Targeting the renin–angiotensin system (RAS) constitutes a major advance in the treatment of cardiovascular diseases. Evidence indicates that angiotensin-converting enzyme inhibitors and angiotensin AT1 receptor blockers act on both the RAS and the kallikrein–kinin system (KKS). In addition to the interaction between the RAS and KKS at the level of angiotensin-converting enzyme catalyzing both angiotensin II generation and bradykinin degradation, the RAS and KKS also interact at other levels: 1) prolylcarboxypeptidase, an angiotensin II inactivating enzyme and a prekallikrein activator; 2) kallikrein, a kinin-generating and prorenin-activating enzyme; 3) angiotensin-(1-7) exerts kininlike effects and potentiates the effects of bradykinin; and 4) the angiotensin AT1 receptor forms heterodimers with the bradykinin B2 receptor. Moreover, angiotensin II enhances B1 and B2 receptor expression via transcriptional mechanisms. These cross-talks explain why both the RAS and KKS are up-regulated in some circumstances, whereas in other circumstances both systems change in the opposite manner, expressed as an activated RAS and a depressed KKS. As the cross-talks between the RAS and the KKS play an important role in response to different stimuli, taking these cross-talks between the two systems into account may help in the development of drugs targeting the two systems.

Keywords

Angiotensin AT1 receptor blocker angiotensin-converting enzyme inhibitor AT1/B2 heterodimers cardiovascular disease the kallikrein–kinin system the renin–angiotensin system transcriptional regulation

Introduction

The renin–angiotensin system (RAS) is a ubiquitous hormone system. Classically, plasma renin secreted by the kidneys catabolizes the conversion of angiotensinogen released by the liver to angiotensin I, which is subsequently converted to angiotensin II by the angiotensin I-converting enzyme (ACE) localized in the vascular endothelium of different organs, adventitial layers of the aorta and pulmonary artery, cardiac valve leaflets and epithelial cells of the renal proximal tubules.^1–3 In addition, angiotensins are generated not only in the plasma but also locally in tissues from precursors and substrates either locally expressed or imported from the circulation.^4,5 The RAS is complicated by the existence of two types of ACE (ACE and ACE2) and two types of receptors (AT₁ and AT₂).
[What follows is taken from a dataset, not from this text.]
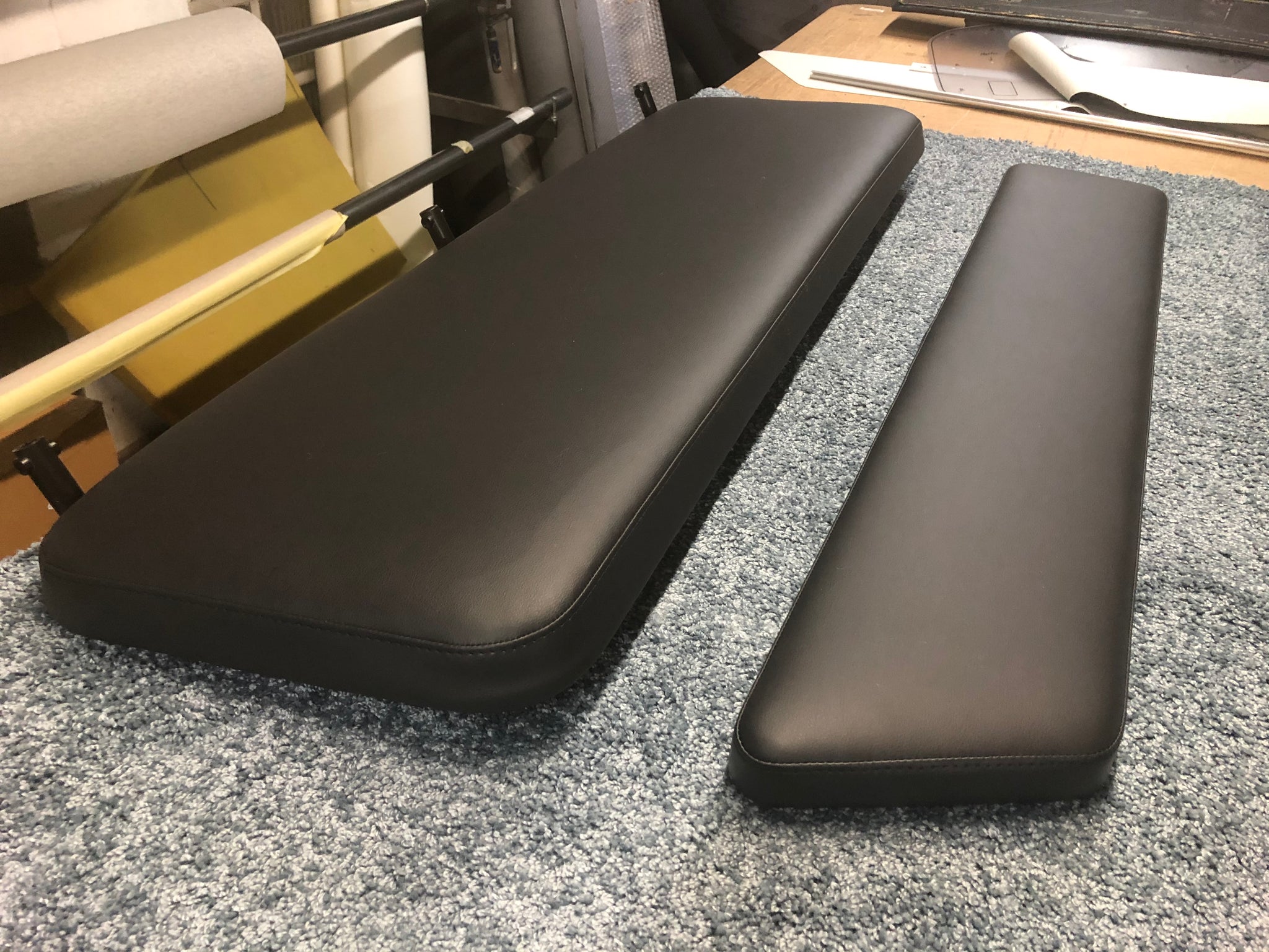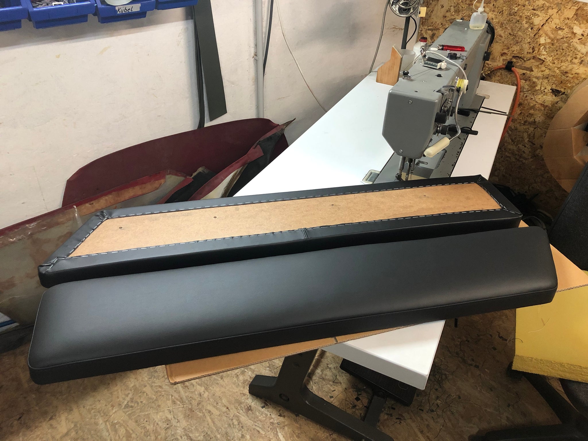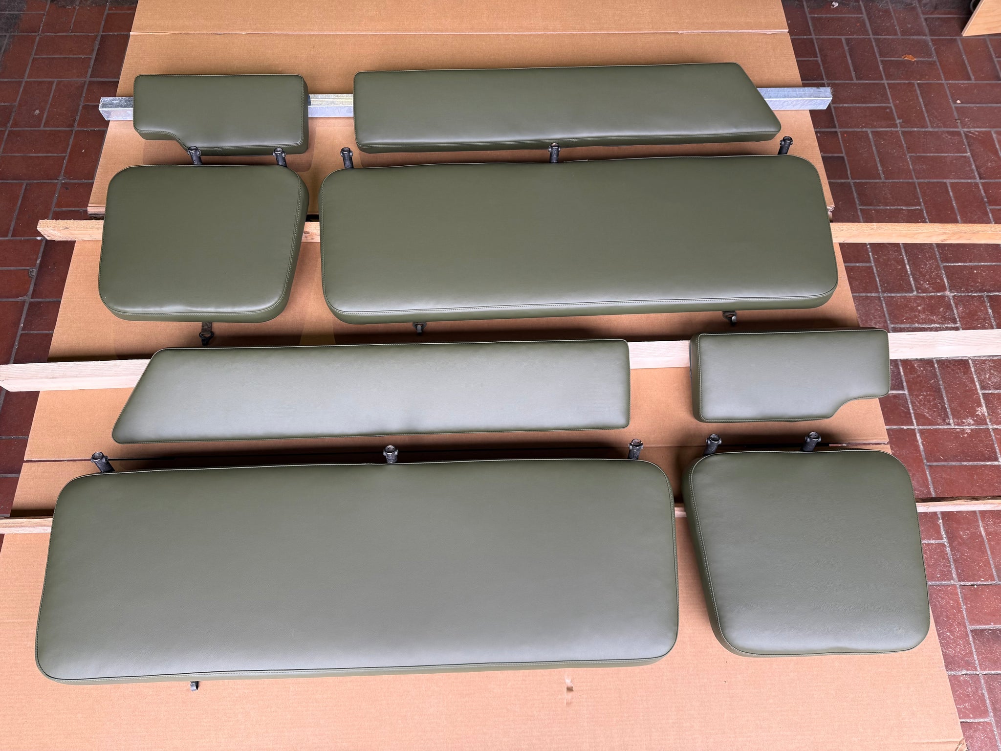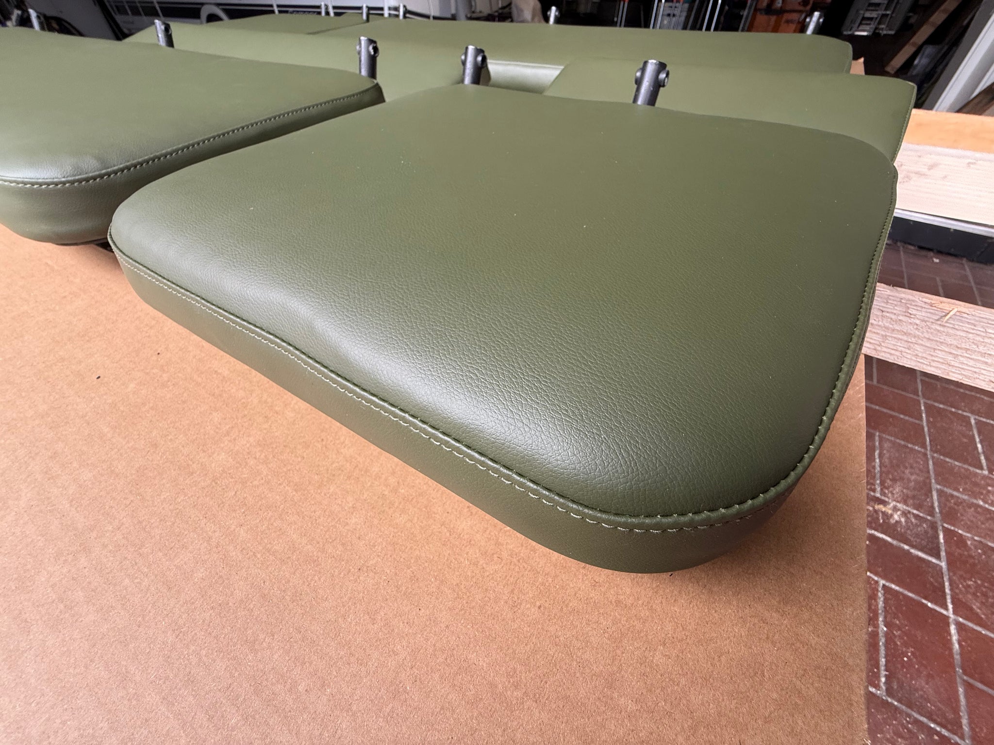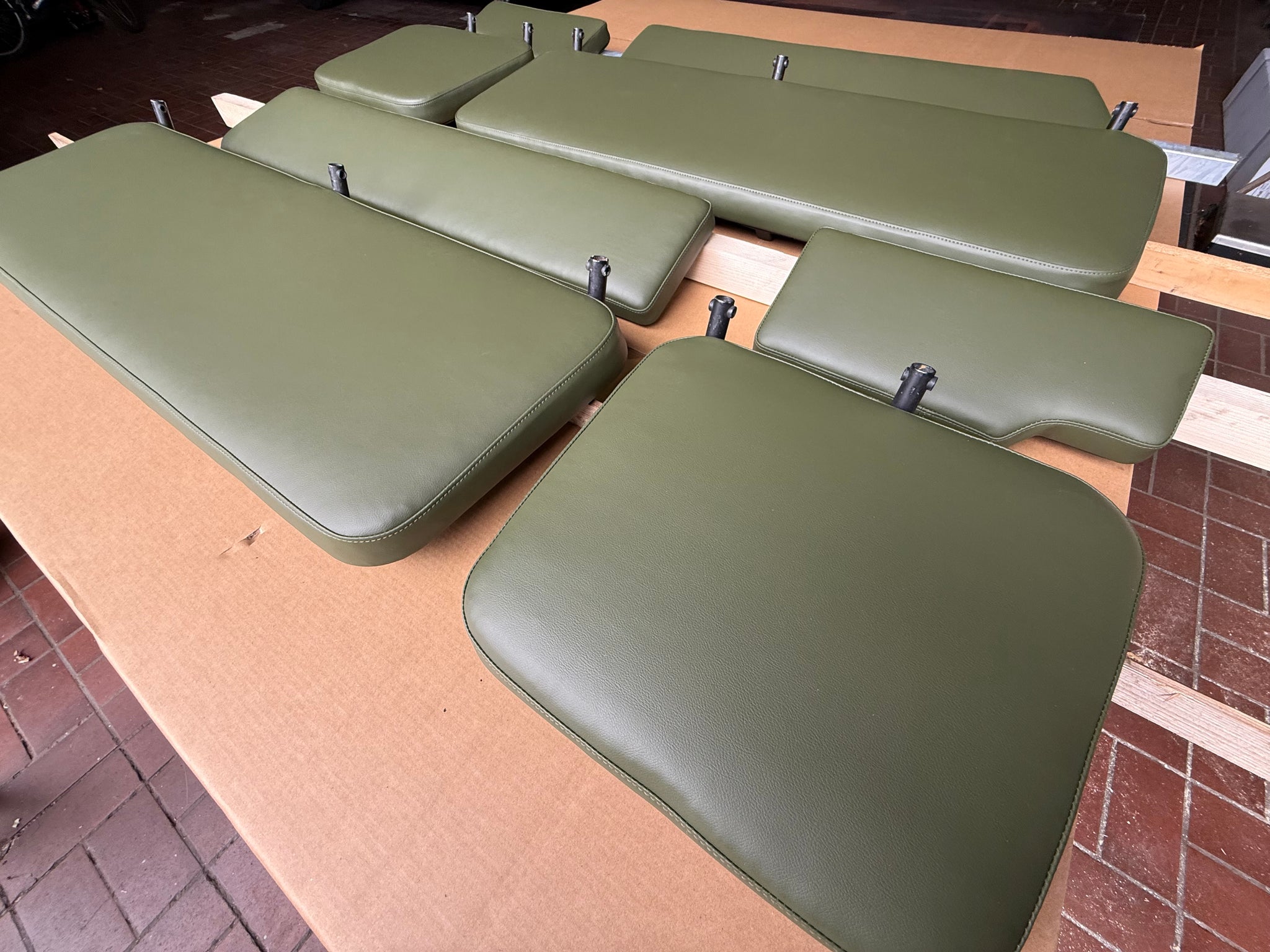 D.h. je zwei Bezüge für die Rückenlehnen und zwei Bezüge für die Sitzflächen der langen Bank und des Einzelsizes im Fond. Die Bezüge sind vernäht und haben die gleiche Passform wie das Original. Sie müssen an der Unterseite auf die vorhandenen Platten festgetackert werden.

Most of the known cardiovascular effects induced by angiotensin II (e.g. vasoconstriction, water and salt retention, aldosterone synthesis and release, growth and remodeling) are mediated via AT₁ receptors.⁶ Experiments in cells and vessels, as well as in vivo studies in rats and mice, including studies in transgenic animals, have shown that AT₂ receptor stimulation counteracts some or all of the abovementioned effects mediated via AT₁ receptors,^7–14 although activation of AT₂ may, in some tissues, result in parallel rather than opposite effects to AT₁ activation.¹⁵ The RAS is one of the most important systems in cardiovascular control and in the pathogenesis of cardiovascular diseases. Targeting the RAS has resulted in the successful development of ACE inhibitors (ACEi), AT₁ blockers, and recently the third generation of renin inhibitors. These drugs are currently used in the treatment of cardiovascular diseases such as hypertension and heart failure, which constitutes a major advance in cardiology.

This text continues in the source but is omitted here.